Why? That is exactly the word I would expect (and use) here.


----------



## JClaudeK

berndf said:


> Why?


Because for me, "Erwartung" is (mostly) a positive feeling (which is not the case in the OP).


> Erwartung
> 2) vorausschauende *Vermutung, Annahme,* *Hoffnung*
> 
> _übertriebene Erwartungen hegen_
> _sie hat unsere Erwartungen erfüllt_
> _das bestätigt meine Erwartungen, entspricht ganz meiner Erwartung_
> _er hat sich in seinen Erwartungen getäuscht_
> _in der Erwartung (indem ich hoffe), bald von dir zu hören, gehe ich jetzt_


I assume that's the reason why Dupon didn't understand the sentence.


----------



## berndf

JClaudeK said:


> Because for me, "Erwartung" is (almost exclusively) a positive feeling (which is not the case in the OP).


No. Not at all.
_Er lebt in der Erwartung_

_seines nahen Todes_
_großen Unheils_
_, dass alles noch viel schlimmer würde_
are perfectly natural.


----------



## JClaudeK

berndf said:


> _Er lebte in der Erwartung seines nahen Todes_ is perfectly natural.

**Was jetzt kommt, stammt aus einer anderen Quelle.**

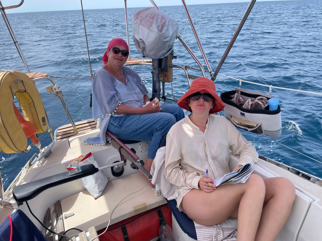 Nous avons le vent face à nous et sommes obligés de tirer des bords. Omer étant un bateau conçu pour remonter au prés, cette allure en principe ne nous déplaît pas mais car il y a toujours un mais car il y a toujours un mais, Laura qui n’est pas encore amarinée a le mal de mer.

I agree. But that belongs to  the other definition of "Erwartung" in the Duden


> 1)* Zustand des Wartens*, Spannung
> 
> _er war voll[er] Erwartung_
> _sie verbrachte den Tag in banger Erwartung_
> _sie leben in Erwartung des Todes_


which doesn't apply to "_in der Erwartung, diesen Mann vielleicht nie live sehen zu können_".
People aren't in a_ "Zustand des Wartens, Spannung (state of suspense)" _here, they assume _(vermuten)_ that this is their unique chance to hear D.B. live.

Beim ersten Überfliegen des Textes hatte ich "nie" übersehen. Ohne "nie" würde "Erwartung" passen:
"_Bis zu 50.000 Menschen waren also auch da, aus Ostberlin,  [...] in der Erwartung (= Hoffnung, Annahme), diesen Mann vielleicht live sehen zu können_".


----------



## berndf

JClaudeK said:


> which doesn't apply to "_in der Erwartung*,* diesen Mann vielleicht nie live sehen zu können_".
> People aren't in a_ "Zustand des Wartens, Spannung_


I don't find that distinction terribly important here. In both meanings, the expectations can be positive or negative, in this case _Sie lebten in der Erwartung, dass die Mauer noch lange stehen würde_, which is certainly not a "state of suspence" either, nor is it "positive".


----------



## JClaudeK

berndf said:


> in this case _Sie *lebten* in der Erwartung, dass die Mauer noch lange stehen würde_,


Das hat absolut nichts mit dem OP-Satz zu tun!
_"in der Erwartung leben, dass ....." _ist mehr oder weniger eine feststehende Redewendung, die bedeutet _"mit dem Gedanken leben, dass ....."_ = auf etwas gefasst sein


----------



## berndf

JClaudeK said:


> Das hat absolut nichts mit dem OP-Satz zu tun!


Doch natürlich. Um exakt diese Erwartung geht es in dem Text.


----------



## JClaudeK

berndf said:


> Um exakt diese Erwartung geht es in dem Text.


Implizit, ja. Aber  mit dem gegebenen Satz hat "in der Erwartung *leben" *nichts zu tun.

Die Leute waren in der *Annahme*  gekommen/ weil sie *vermuteten*, D.B. nie live sehen zu können.
Sie "*lebten *nicht in der Erwartung, D.B. nie sehen zu können".


----------



## berndf

JClaudeK said:


> Die Leute waren in der *Annahme* gekommen, D.B. nie live sehen zu können, aber sie "*lebten *nicht in dieser Erwartung".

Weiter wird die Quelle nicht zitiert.